In this third assignment we had to ultimately clean up our data. Take out data that was not relevant, and look at how that good data left behind is distributed and what it might tell us so far. 

PROGRAM

LIBNAME mydata "/courses/d1406ae5ba27fe300 " access=readonly;
DATA new;set mydata.addhealth_pds;
label h1ee1="How Much Do You Want To Go To College?"

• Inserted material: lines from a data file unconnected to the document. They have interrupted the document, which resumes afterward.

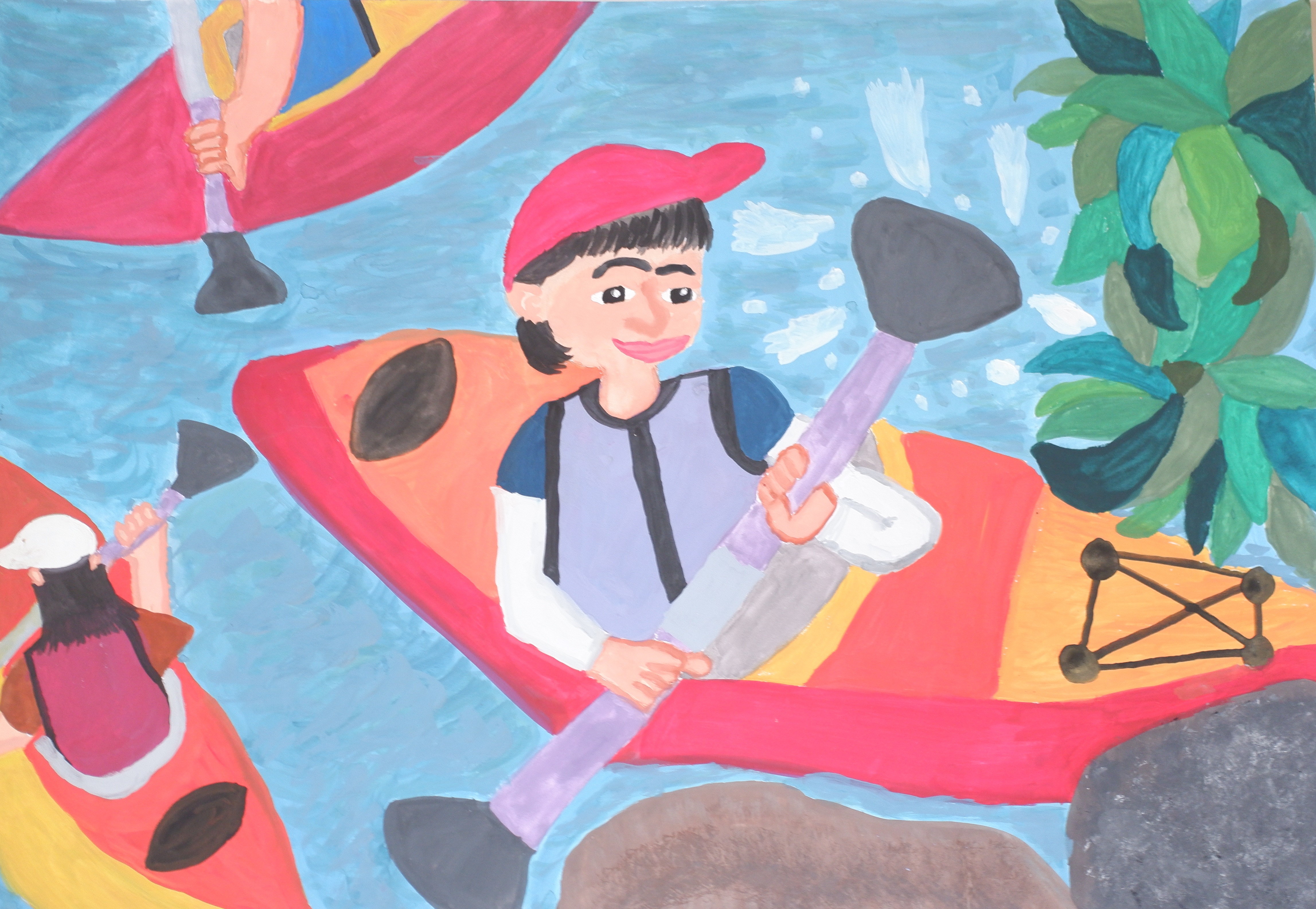 カヌーをこぐ動きを丁寧に描きました。色塗りでは、水の流れや、葉っぱ一枚一枚を工夫して塗りました。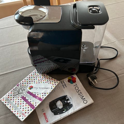 Tassimo kaffemaskin, brukt, men fungerer som den skal, bare en smule treig. Lokket på vanntanken er knekt av, men har ikke noe særlig å si for bruk. Hentes på Hovden eller leveres etter avtale på strekningen Hovden - Arendal.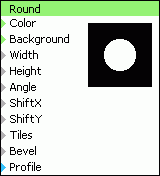 Profile - vstup průběhové křivky určující průběh úkosu hrany. Pro souřadnici X průběhové křivky je použita hodnota z úkosu hrany (tj. 0=pozadí, 1=popředí). Hodnota zjištěná z křivky se použije jako stupeň prolnutí barvy popředí a pozadí. Hodnota pro X=0 se použije pro pozadí kolem kruhu a hodnota pro X=1 se použije pro popředí uvnitř kruhu, a to i mimo úkos hrany.

h1ee2="How Likely Is It That You Will Go To College?"
h1nm4="How Far Did Bio Mom Go?"
h1nf4="How Far Did Bio Dad Go?"
h1rm1="How Far Did Mom Go?"
h1rf1="How Far Did Dad Go?"
h1wp11="How Disappointed Would Mom Be If You Did not Graduate College?"
h1wp12="How Disappointed Would Mom Be If You Did Not Graduate High School?"

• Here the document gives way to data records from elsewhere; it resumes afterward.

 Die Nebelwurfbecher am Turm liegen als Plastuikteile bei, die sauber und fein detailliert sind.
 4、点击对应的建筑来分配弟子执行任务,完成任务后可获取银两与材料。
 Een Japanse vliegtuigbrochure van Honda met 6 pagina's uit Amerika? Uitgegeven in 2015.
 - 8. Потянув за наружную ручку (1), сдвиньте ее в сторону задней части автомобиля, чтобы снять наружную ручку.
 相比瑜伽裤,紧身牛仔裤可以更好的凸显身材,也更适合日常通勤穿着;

h1wp15="How Disappointed Would Dad Be If You Did not Graduate College?"
h1wp16="How Disappointed Would Dad Be If You Did Not Graduate High School?"
h1wp17H="In the past week have you talked to Mom about school work or grades?"

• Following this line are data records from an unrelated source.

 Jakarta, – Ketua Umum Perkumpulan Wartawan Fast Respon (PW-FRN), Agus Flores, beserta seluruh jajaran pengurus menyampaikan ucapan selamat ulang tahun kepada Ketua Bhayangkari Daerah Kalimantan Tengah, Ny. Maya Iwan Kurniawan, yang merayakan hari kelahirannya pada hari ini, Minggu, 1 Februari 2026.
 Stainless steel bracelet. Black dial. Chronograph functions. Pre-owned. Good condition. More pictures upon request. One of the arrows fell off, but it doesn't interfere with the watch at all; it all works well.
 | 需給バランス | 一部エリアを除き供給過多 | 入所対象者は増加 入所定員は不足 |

h1wp17I="In the past week have you worked with Mom on a project for school?"
h1wp17J="In the past week have you talked with Mom about other things to do with school?"
h1wp18h="In the past week have you talked to Dad about school work or grades?"
h1wp18I="In the past week have you worked with Dad on a project for school?"
h1wp18J="In the past week have you talked with Dad about other things to do with school?"
WANTSTOGOTOCOLLEGE="RESPONDENT INDICATES WANTING TO ATTEND COLLEGE"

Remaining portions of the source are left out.